[Exercise description]
Somewhere below are a line with "전 표고버섯, 무를 함께" and a later line with "vibram女士室内健身五指鞋便携赤足透气网面舞蹈训练休闲鞋VSOUL". Output exactly those lines and all lines between them.

[Available data]
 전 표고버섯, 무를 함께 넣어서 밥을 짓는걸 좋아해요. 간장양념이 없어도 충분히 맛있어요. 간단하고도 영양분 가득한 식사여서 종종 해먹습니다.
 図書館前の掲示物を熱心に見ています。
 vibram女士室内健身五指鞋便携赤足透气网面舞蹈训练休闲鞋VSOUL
==
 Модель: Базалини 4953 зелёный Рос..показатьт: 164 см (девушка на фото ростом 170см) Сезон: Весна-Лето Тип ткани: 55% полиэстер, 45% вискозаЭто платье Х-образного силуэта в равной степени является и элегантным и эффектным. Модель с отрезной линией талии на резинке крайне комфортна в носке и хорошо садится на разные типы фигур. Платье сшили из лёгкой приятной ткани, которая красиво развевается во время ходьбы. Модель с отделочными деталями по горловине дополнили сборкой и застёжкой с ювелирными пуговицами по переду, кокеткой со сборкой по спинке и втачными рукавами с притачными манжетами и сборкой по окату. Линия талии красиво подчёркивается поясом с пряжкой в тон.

[Result of this exercise]
 전 표고버섯, 무를 함께 넣어서 밥을 짓는걸 좋아해요. 간장양념이 없어도 충분히 맛있어요. 간단하고도 영양분 가득한 식사여서 종종 해먹습니다.
 図書館前の掲示物を熱心に見ています。
 vibram女士室内健身五指鞋便携赤足透气网面舞蹈训练休闲鞋VSOUL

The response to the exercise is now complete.